■ Data segment:
- Opening Delimiter -

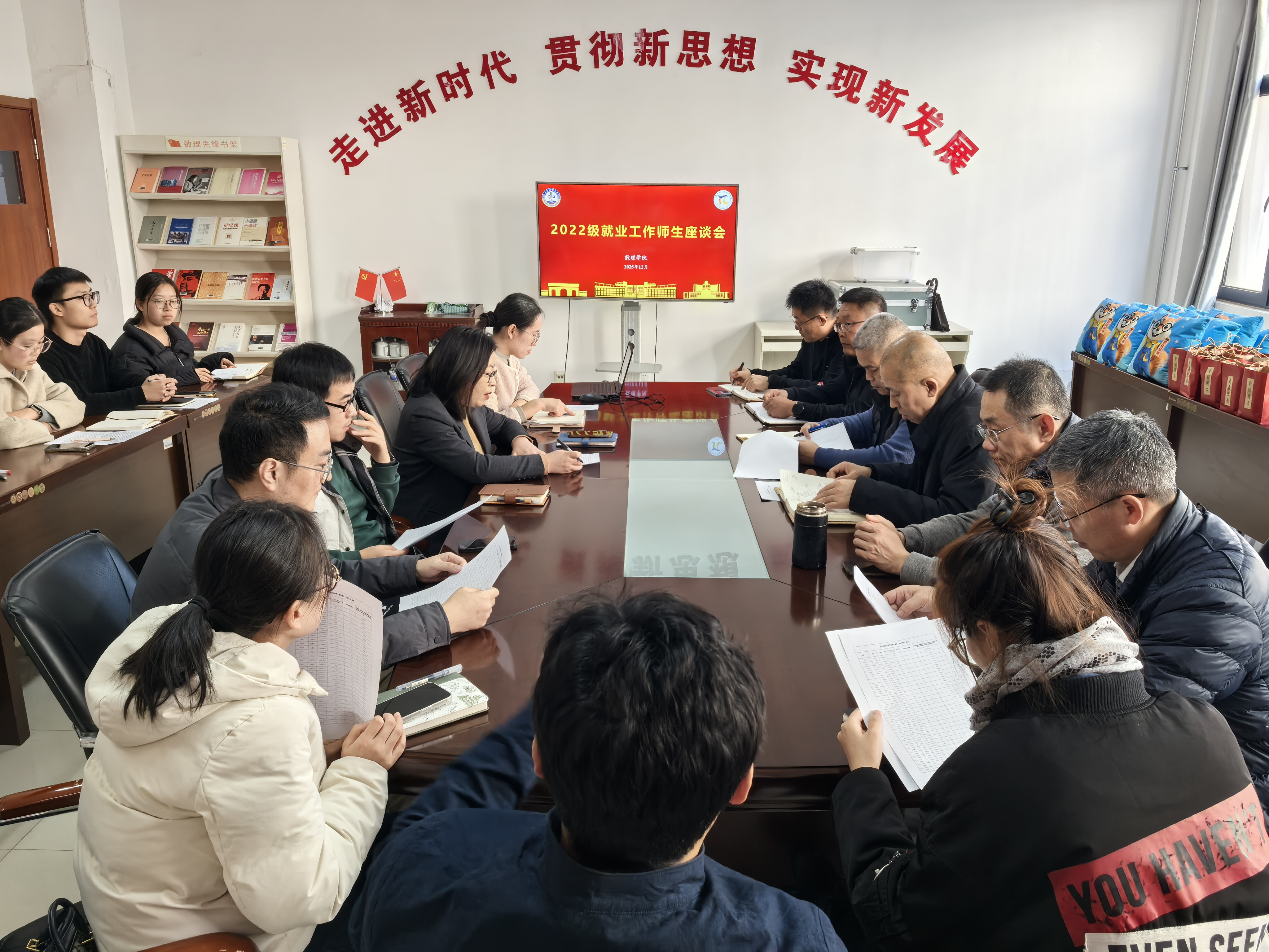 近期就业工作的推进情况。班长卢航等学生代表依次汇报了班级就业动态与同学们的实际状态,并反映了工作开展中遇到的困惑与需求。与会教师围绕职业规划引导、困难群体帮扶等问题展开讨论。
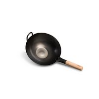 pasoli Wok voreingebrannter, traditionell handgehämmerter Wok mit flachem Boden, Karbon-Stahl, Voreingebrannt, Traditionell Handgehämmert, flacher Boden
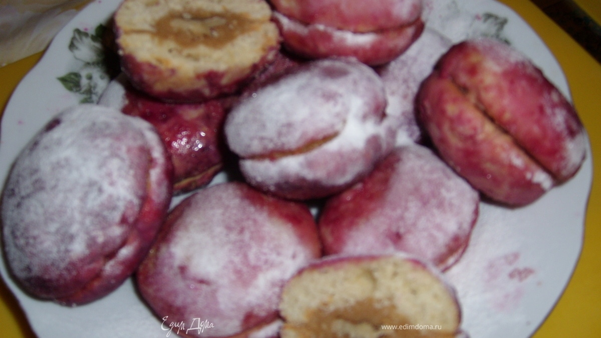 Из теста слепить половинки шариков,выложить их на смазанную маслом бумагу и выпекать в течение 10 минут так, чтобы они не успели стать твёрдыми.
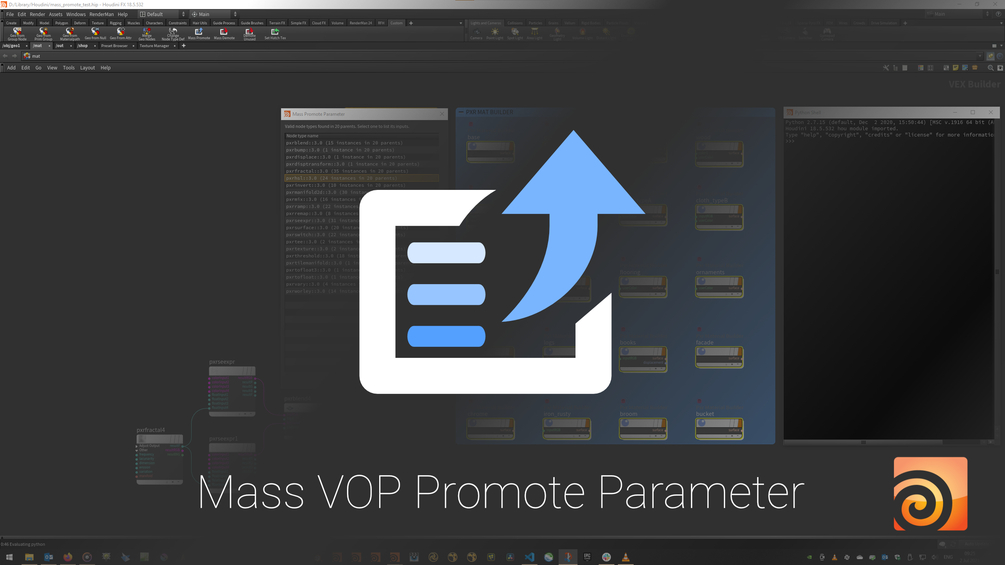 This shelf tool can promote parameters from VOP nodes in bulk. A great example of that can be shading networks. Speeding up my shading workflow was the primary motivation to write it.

- Closing Delimiter -

■ Exercise goal: What is needed is an exact copy of all the data, with no images in it.

■ Response:
 近期就业工作的推进情况。班长卢航等学生代表依次汇报了班级就业动态与同学们的实际状态,并反映了工作开展中遇到的困惑与需求。与会教师围绕职业规划引导、困难群体帮扶等问题展开讨论。
 pasoli Wok voreingebrannter, traditionell handgehämmerter Wok mit flachem Boden, Karbon-Stahl, Voreingebrannt, Traditionell Handgehämmert, flacher Boden
 Из теста слепить половинки шариков,выложить их на смазанную маслом бумагу и выпекать в течение 10 минут так, чтобы они не успели стать твёрдыми.
 This shelf tool can promote parameters from VOP nodes in bulk. A great example of that can be shading networks. Speeding up my shading workflow was the primary motivation to write it.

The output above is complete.